With globalization reaching its fullest realization, mass culture has become broader if not deeper. We live in a time of selfie sticks, virality, surveillance (and its attendant imagery), data as commodity, terrorism, ad exhaustion, device envy, memes, freemium apps, productivity solutions, and “content” rather than text. Warhol’s intuition proved prophetic. His novel grows with every Coke can, cronut, and Kardashian cover, a ponderous and self-replicating tome. Still, it isn’t so much that the traditional novel is dead or dying — hell, I’m writing one (and you probably are, too); rather, it’s the concept of the Great American Novel that, I feel, requires refinement, maybe even dismissal.

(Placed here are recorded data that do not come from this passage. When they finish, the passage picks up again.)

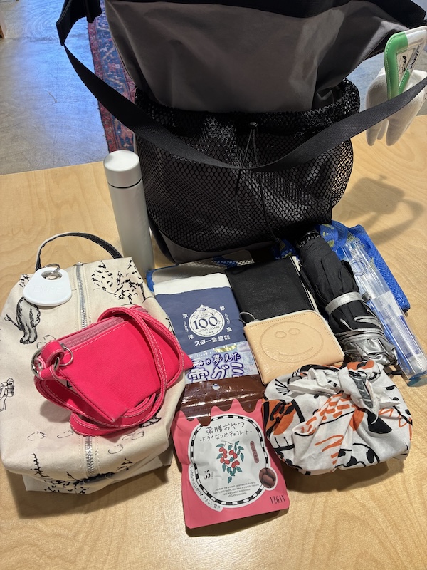 歯磨きセット、折り畳み傘、エコバック、お弁当箱、財布、カードケース、手帳、文庫本、おやつ1、おやつ2、水筒、GARMENT BAG SMALL(細々した物:カイロ、目薬、リップetc)、FLAT POUCH(複数の鍵)…これだけ入れても、帰りに明日のパンを買っても入るくらい余裕がありました🥐
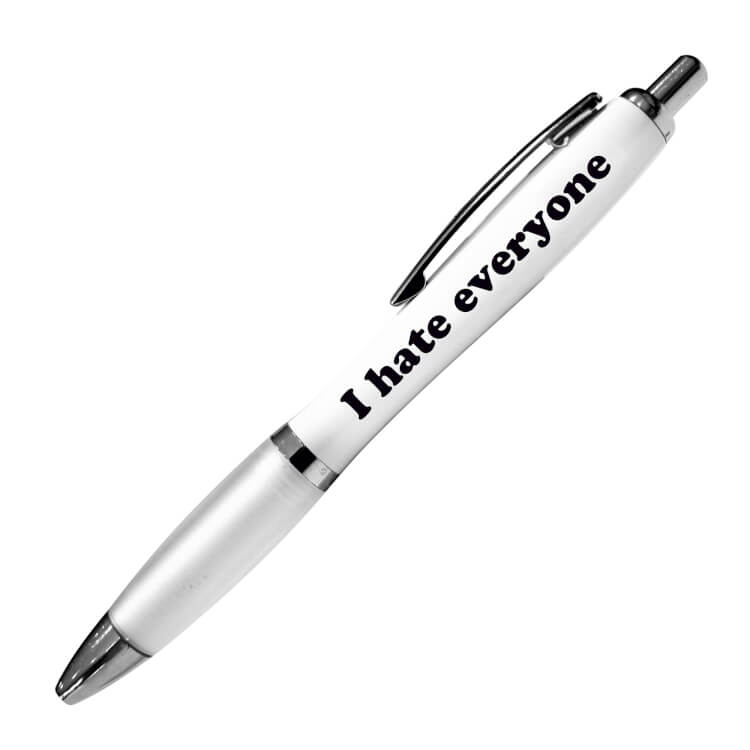 A white ballpoint pen with a white grip and black ink. Black rounded lowercase text on one side reads I hate everyone.
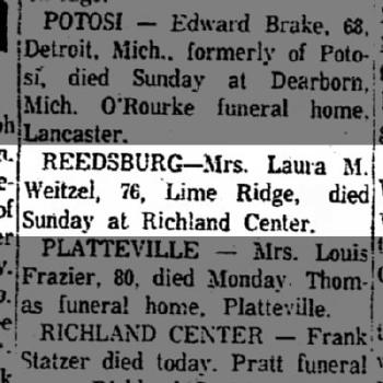 - Peter J. Weitzel b. Jul 1899, d. 5 Oct 1957
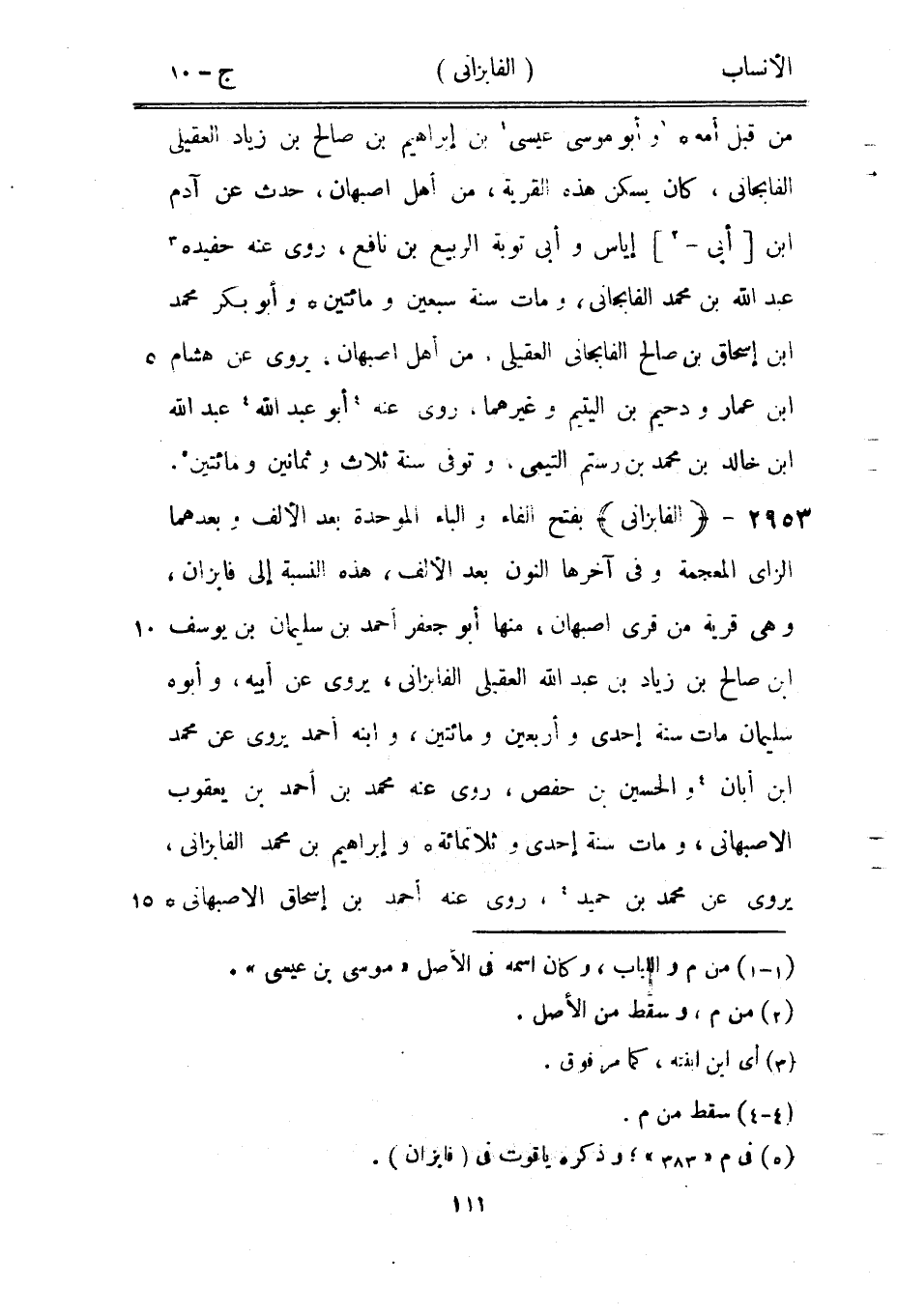 بفتح الفاء والباء الموحدة بعد الألف وبعدهما الزاى المعجمة وفي آخرها النون بعد الألف، هذه النسبة إلى فابزان، وهي قرية من قرى أصبهان، منها أبو جعفر أحمد بن سليمان بن يوسف ابن صالح بن زياد بن عبد الله العقيلي الفابزانى، يروى عن أبيه، وأبوه سليمان مات سنة إحدى وأربعين ومائتين، وابنه أحمد يروى عن محمد ابن أبان [4] والحسين بن حفص، روى عنه محمد بن أحمد بن يعقوب الأصبهاني، ومات سنة إحدى وثلاثمائة وإبراهيم بن محمد الفابزانى، يروى عن محمد بن حميد [4] ، روى عنه أحمد بن إسحاق الأصبهاني [5]

The moral crises of the global village, the effect of technology on inwardness, the social cost of our app-mediated relationships — these (and countless other issues) are neither uniquely American nor exclusively earmarked for novelistic treatment. The novel, as always, must fight for purchase and relevance in the clamor of our techno-cultural babel; as such, perhaps we need fewer Great American Novels and more great novels — that is, books more concerned with glorious, horrifying contemporaneity than outmoded, self-conscious myth baiting.

To wax Warholian, the Great American Novel’s fifteen minutes may be up.